The printed result should hold only the lines from the opening of the data through the line bearing "Make a bold", exactly as given and without pictures.

DATA SEGMENT:
=======

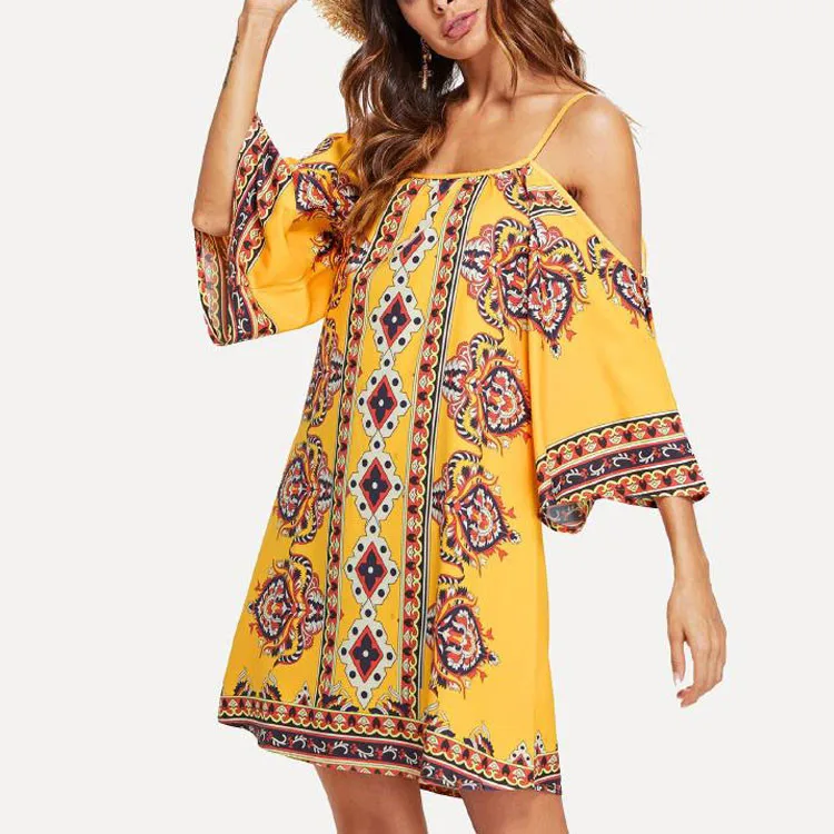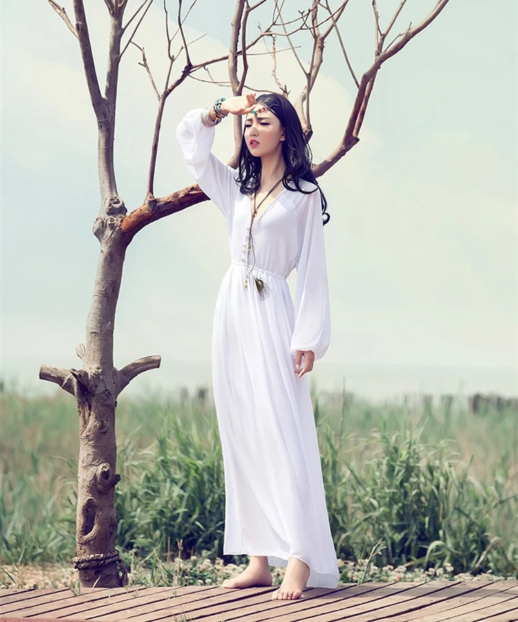 Long Sleeve Women Bohemian Dress Hippie Clothing Maxi Beach Dress
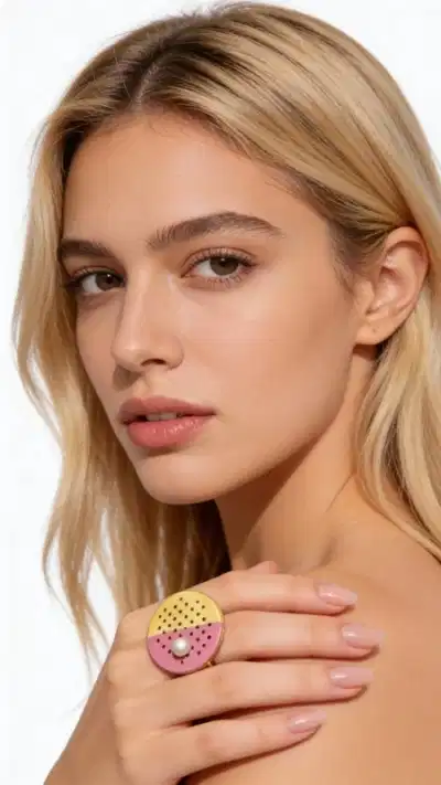 Make a bold statement with this captivating handcrafted ring that transforms your everyday look into something extraordinary. This eye-catching piece features a distinctive circular design with vibrant enamel detailing in playful pink and sunny yellow tones, creating a modern artistic expression that speaks to your unique style.
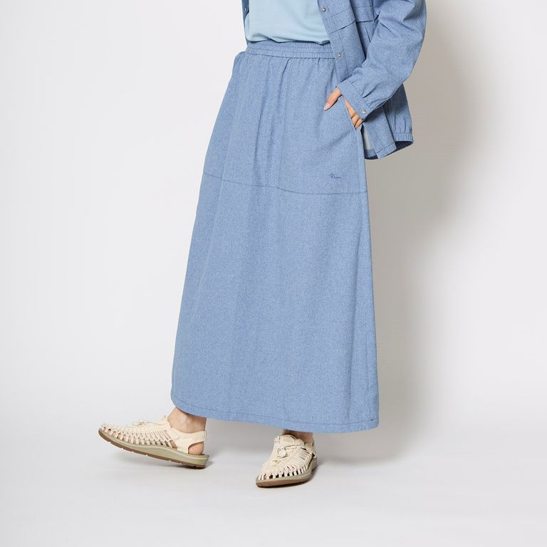 防虫、吸汗速乾、UVカット機能を持つトランスウェット・スコーロン素材に、通気性とストレッチ性も兼ね備えた軽いはき心地のスカート。シンプルなデザインとシャンブレー風の染め加工でスタイリングの幅が広がります。

=======

FINISHED TASK:
 Long Sleeve Women Bohemian Dress Hippie Clothing Maxi Beach Dress
 Make a bold statement with this captivating handcrafted ring that transforms your everyday look into something extraordinary. This eye-catching piece features a distinctive circular design with vibrant enamel detailing in playful pink and sunny yellow tones, creating a modern artistic expression that speaks to your unique style.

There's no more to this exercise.